*** Dataset excerpt

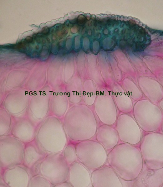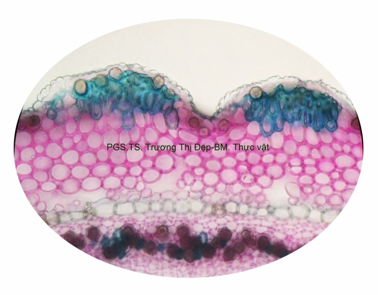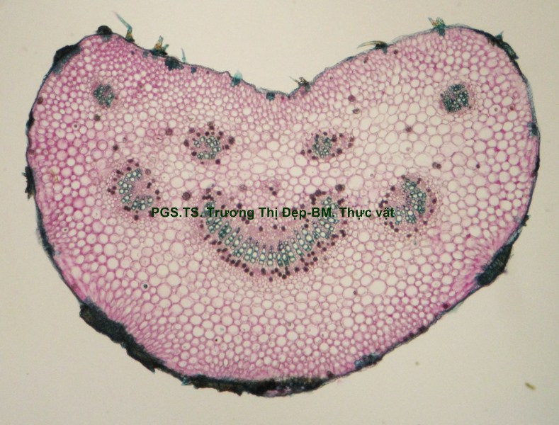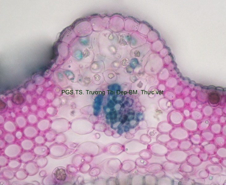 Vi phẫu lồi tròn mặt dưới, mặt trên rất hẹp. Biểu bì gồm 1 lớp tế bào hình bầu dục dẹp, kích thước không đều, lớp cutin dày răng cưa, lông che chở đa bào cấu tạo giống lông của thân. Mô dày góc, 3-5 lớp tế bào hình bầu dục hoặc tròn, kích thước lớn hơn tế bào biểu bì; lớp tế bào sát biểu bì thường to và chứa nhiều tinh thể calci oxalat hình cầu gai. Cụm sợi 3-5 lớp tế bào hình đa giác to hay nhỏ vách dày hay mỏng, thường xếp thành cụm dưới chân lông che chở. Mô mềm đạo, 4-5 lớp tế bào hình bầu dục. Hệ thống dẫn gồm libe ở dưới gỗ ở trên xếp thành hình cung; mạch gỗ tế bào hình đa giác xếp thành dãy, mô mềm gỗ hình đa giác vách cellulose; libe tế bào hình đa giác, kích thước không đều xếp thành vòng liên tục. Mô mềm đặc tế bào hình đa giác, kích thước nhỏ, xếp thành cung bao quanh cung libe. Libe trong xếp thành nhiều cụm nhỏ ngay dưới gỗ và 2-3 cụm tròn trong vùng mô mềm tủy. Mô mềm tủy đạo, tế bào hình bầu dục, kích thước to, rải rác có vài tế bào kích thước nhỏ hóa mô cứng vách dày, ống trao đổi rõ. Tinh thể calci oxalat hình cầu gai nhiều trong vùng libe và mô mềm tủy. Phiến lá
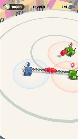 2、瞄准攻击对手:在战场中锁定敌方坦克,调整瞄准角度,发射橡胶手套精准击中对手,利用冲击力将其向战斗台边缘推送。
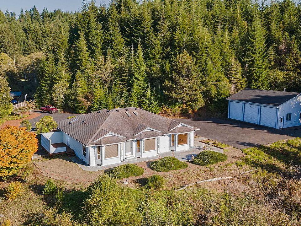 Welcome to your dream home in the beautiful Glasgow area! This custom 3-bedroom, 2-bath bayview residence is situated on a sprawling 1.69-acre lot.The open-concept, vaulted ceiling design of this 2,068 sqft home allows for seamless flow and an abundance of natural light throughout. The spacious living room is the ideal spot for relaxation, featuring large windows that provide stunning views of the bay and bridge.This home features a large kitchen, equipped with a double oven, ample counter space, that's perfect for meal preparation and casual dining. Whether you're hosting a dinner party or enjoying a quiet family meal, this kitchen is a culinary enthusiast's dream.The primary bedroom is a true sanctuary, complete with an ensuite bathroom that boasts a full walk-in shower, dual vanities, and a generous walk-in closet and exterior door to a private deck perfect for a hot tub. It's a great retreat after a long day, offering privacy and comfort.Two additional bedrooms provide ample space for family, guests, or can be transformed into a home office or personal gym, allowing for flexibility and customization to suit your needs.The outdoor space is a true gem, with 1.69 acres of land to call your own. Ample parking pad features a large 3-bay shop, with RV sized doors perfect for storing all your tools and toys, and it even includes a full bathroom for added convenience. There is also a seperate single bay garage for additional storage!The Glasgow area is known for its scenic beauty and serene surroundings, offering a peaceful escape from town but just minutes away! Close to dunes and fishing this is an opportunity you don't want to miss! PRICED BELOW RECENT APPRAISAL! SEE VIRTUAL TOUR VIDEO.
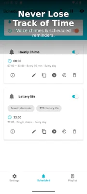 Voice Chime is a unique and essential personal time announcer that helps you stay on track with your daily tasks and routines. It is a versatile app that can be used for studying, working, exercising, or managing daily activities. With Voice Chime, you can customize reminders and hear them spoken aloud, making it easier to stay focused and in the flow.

******

Required action — Repeat the full listing above without altering a word, and skip the pictures.

Exercise solution —
 Vi phẫu lồi tròn mặt dưới, mặt trên rất hẹp. Biểu bì gồm 1 lớp tế bào hình bầu dục dẹp, kích thước không đều, lớp cutin dày răng cưa, lông che chở đa bào cấu tạo giống lông của thân. Mô dày góc, 3-5 lớp tế bào hình bầu dục hoặc tròn, kích thước lớn hơn tế bào biểu bì; lớp tế bào sát biểu bì thường to và chứa nhiều tinh thể calci oxalat hình cầu gai. Cụm sợi 3-5 lớp tế bào hình đa giác to hay nhỏ vách dày hay mỏng, thường xếp thành cụm dưới chân lông che chở. Mô mềm đạo, 4-5 lớp tế bào hình bầu dục. Hệ thống dẫn gồm libe ở dưới gỗ ở trên xếp thành hình cung; mạch gỗ tế bào hình đa giác xếp thành dãy, mô mềm gỗ hình đa giác vách cellulose; libe tế bào hình đa giác, kích thước không đều xếp thành vòng liên tục. Mô mềm đặc tế bào hình đa giác, kích thước nhỏ, xếp thành cung bao quanh cung libe. Libe trong xếp thành nhiều cụm nhỏ ngay dưới gỗ và 2-3 cụm tròn trong vùng mô mềm tủy. Mô mềm tủy đạo, tế bào hình bầu dục, kích thước to, rải rác có vài tế bào kích thước nhỏ hóa mô cứng vách dày, ống trao đổi rõ. Tinh thể calci oxalat hình cầu gai nhiều trong vùng libe và mô mềm tủy. Phiến lá
 2、瞄准攻击对手:在战场中锁定敌方坦克,调整瞄准角度,发射橡胶手套精准击中对手,利用冲击力将其向战斗台边缘推送。
 Welcome to your dream home in the beautiful Glasgow area! This custom 3-bedroom, 2-bath bayview residence is situated on a sprawling 1.69-acre lot.The open-concept, vaulted ceiling design of this 2,068 sqft home allows for seamless flow and an abundance of natural light throughout. The spacious living room is the ideal spot for relaxation, featuring large windows that provide stunning views of the bay and bridge.This home features a large kitchen, equipped with a double oven, ample counter space, that's perfect for meal preparation and casual dining. Whether you're hosting a dinner party or enjoying a quiet family meal, this kitchen is a culinary enthusiast's dream.The primary bedroom is a true sanctuary, complete with an ensuite bathroom that boasts a full walk-in shower, dual vanities, and a generous walk-in closet and exterior door to a private deck perfect for a hot tub. It's a great retreat after a long day, offering privacy and comfort.Two additional bedrooms provide ample space for family, guests, or can be transformed into a home office or personal gym, allowing for flexibility and customization to suit your needs.The outdoor space is a true gem, with 1.69 acres of land to call your own. Ample parking pad features a large 3-bay shop, with RV sized doors perfect for storing all your tools and toys, and it even includes a full bathroom for added convenience. There is also a seperate single bay garage for additional storage!The Glasgow area is known for its scenic beauty and serene surroundings, offering a peaceful escape from town but just minutes away! Close to dunes and fishing this is an opportunity you don't want to miss! PRICED BELOW RECENT APPRAISAL! SEE VIRTUAL TOUR VIDEO.
 Voice Chime is a unique and essential personal time announcer that helps you stay on track with your daily tasks and routines. It is a versatile app that can be used for studying, working, exercising, or managing daily activities. With Voice Chime, you can customize reminders and hear them spoken aloud, making it easier to stay focused and in the flow.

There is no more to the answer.